__TASK DETAILS__: In the records below, the line with "也有中国台湾艺人黄安,利晴天为奥运健儿打call。" and every line after it must be written out exactly; no pictures belong in the result.

* * *

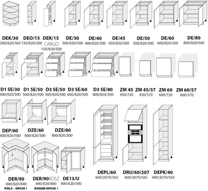 – Rendelhető kiegészítők: munkalap, munkalap összekötők/-fordítók/-végzárók, mosogató medence, csaptelep, külön fogantyúk, világítás, evőeszköz tartó az evőeszközös fiókba, felső elemek felrögzítéséhez fali szerelő sín. Ezen termékek rendelési feltételeiről minden esetben ügyfélszolgálatunkon, vagy a robi@robinagyker.hu E-mail címen tud felvilágosítást kérni.
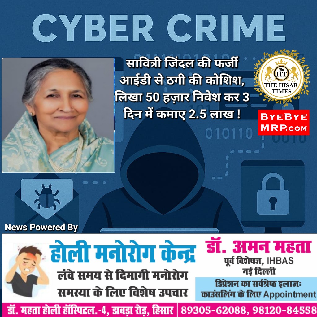 सावित्री जिंदल की फर्जी आईडी से ठगी की कोशिश, लिखा 50 हज़ार निवेश कर 3 दिन में कमाए 2.5 लाख !
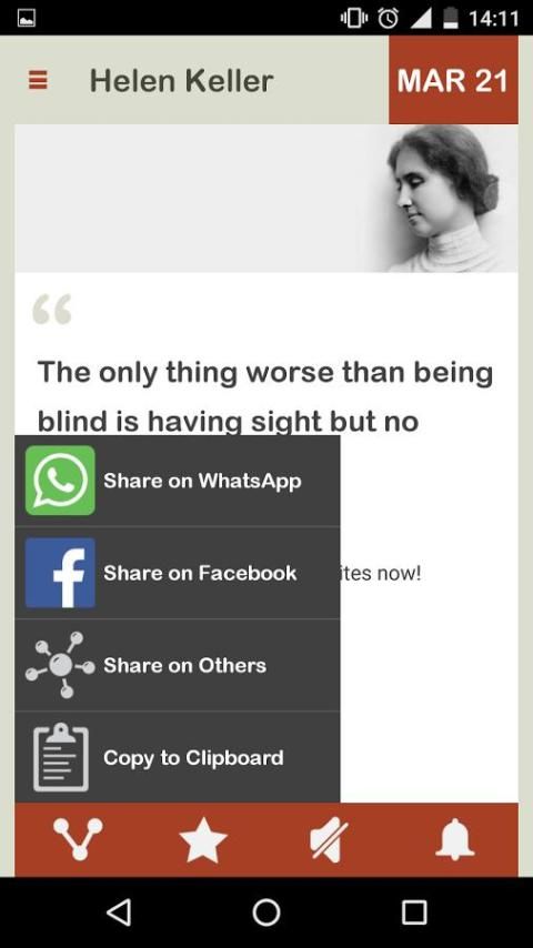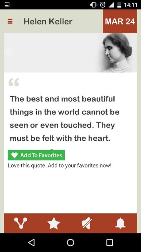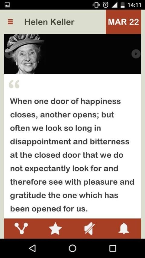 Helen Keller Harian membawa kebijaksanaan Helen kepada Anda dalam bentuk Ponsel App, bangun setiap hari, dengan kebijaksanaan Spiritual Helen Keller, mulai hari ini.
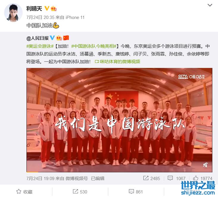 也有中国台湾艺人黄安,利晴天为奥运健儿打call。
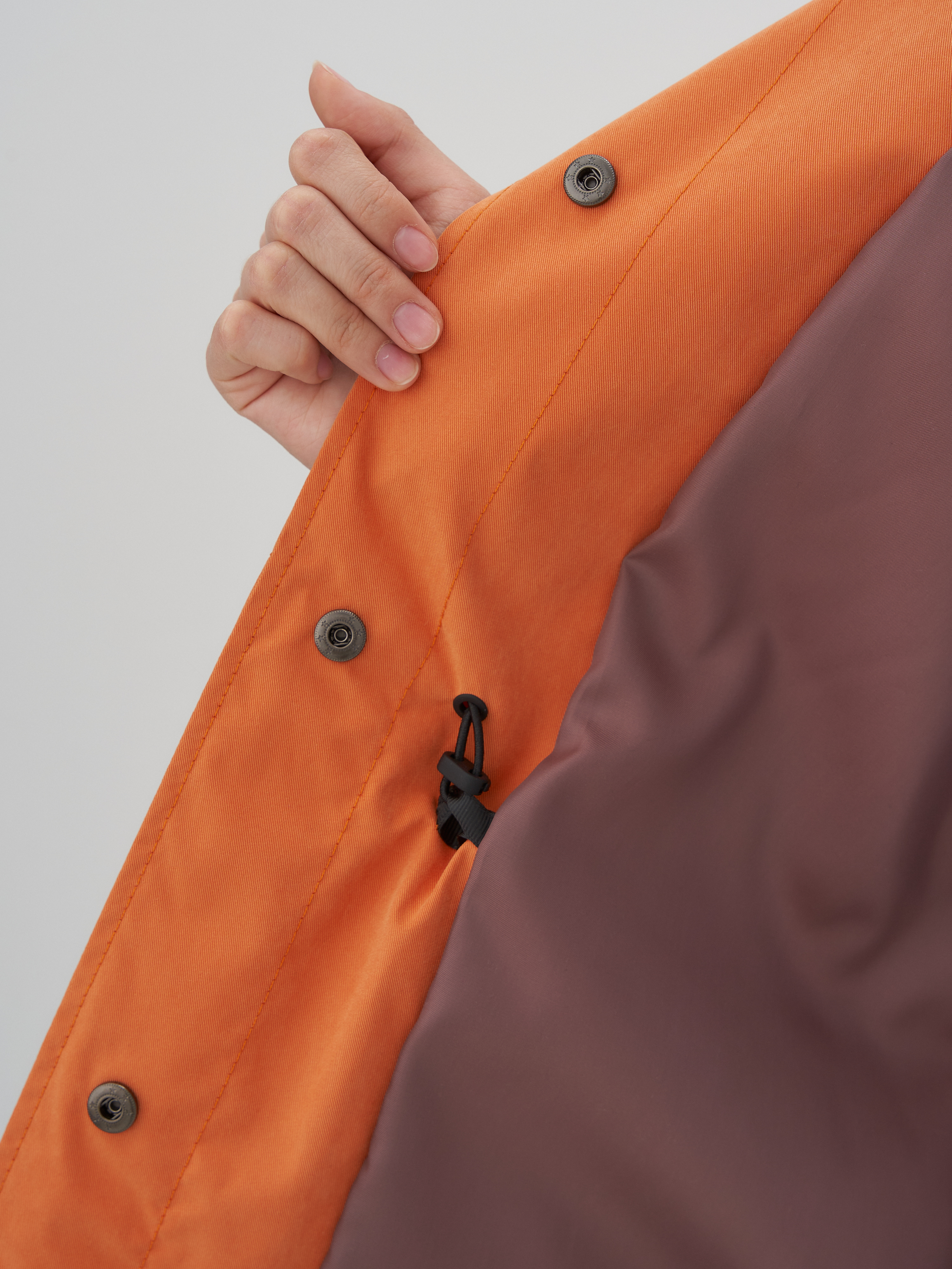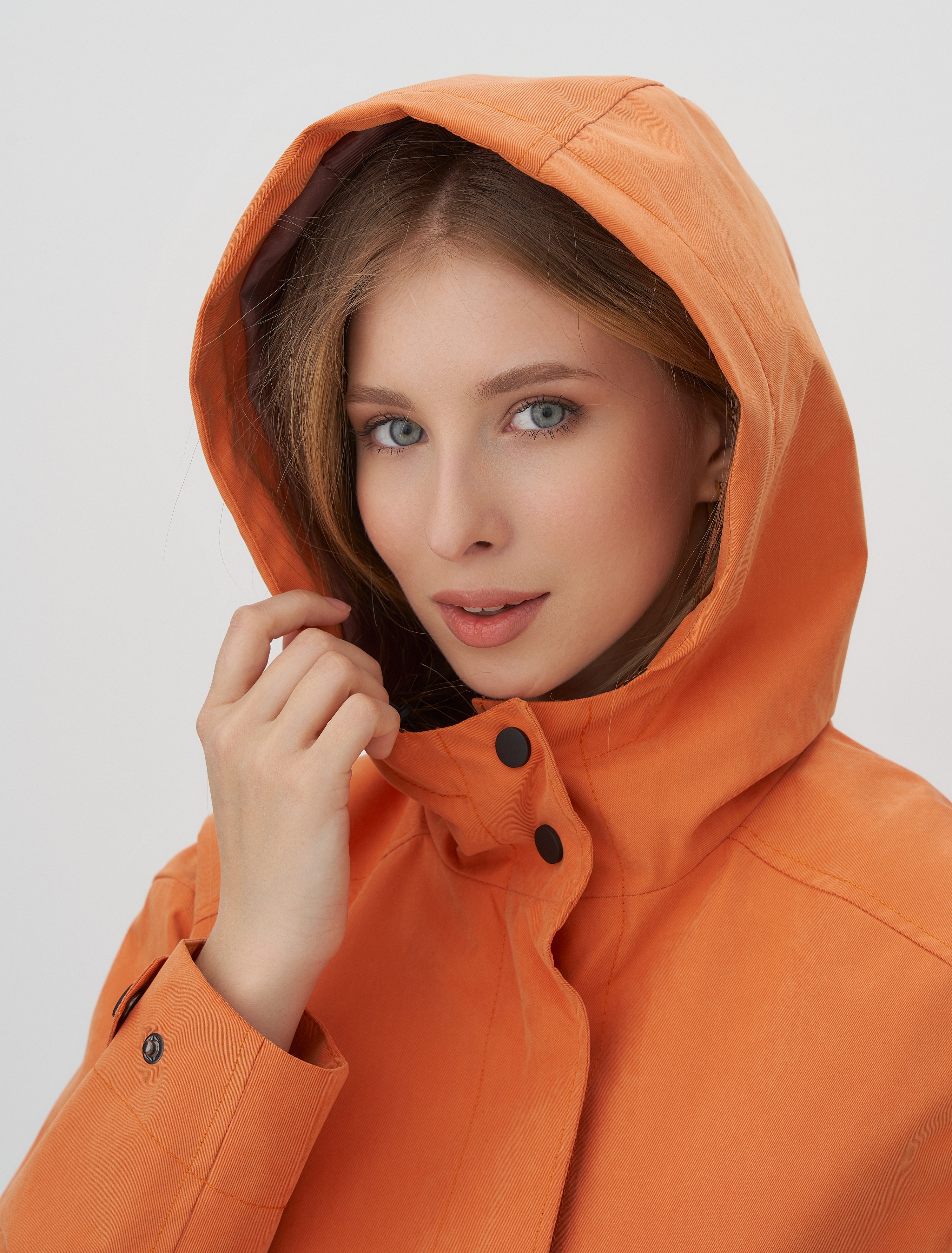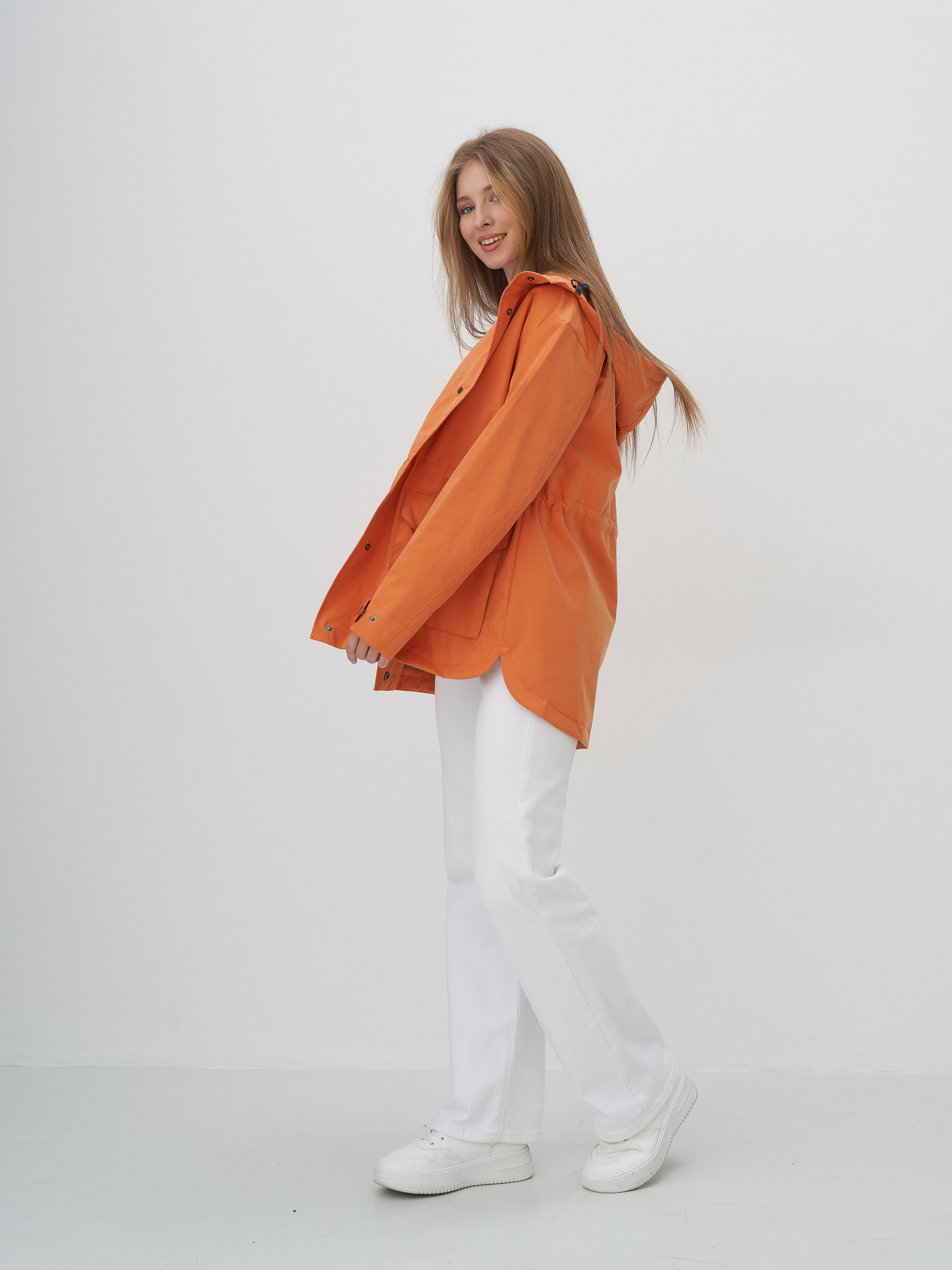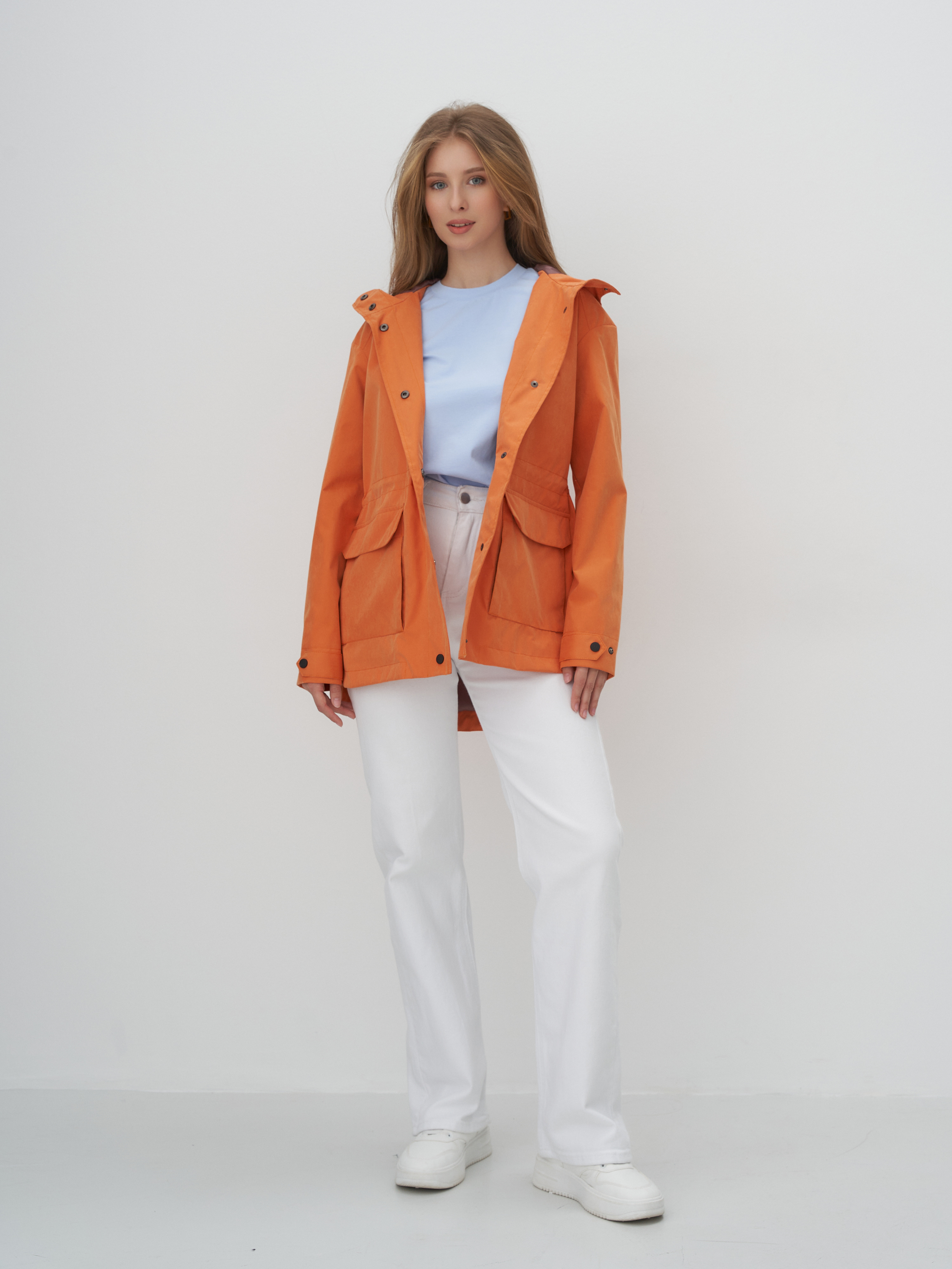 Детали ветровки: удобные внешние накладные карманы на кнопках, внутренняя утяжка на талии, регулируемые манжеты и глубокий регулируемый капюшон.

* * *

__OUTPUT OF THE TASK__:
 也有中国台湾艺人黄安,利晴天为奥运健儿打call。
 Детали ветровки: удобные внешние накладные карманы на кнопках, внутренняя утяжка на талии, регулируемые манжеты и глубокий регулируемый капюшон.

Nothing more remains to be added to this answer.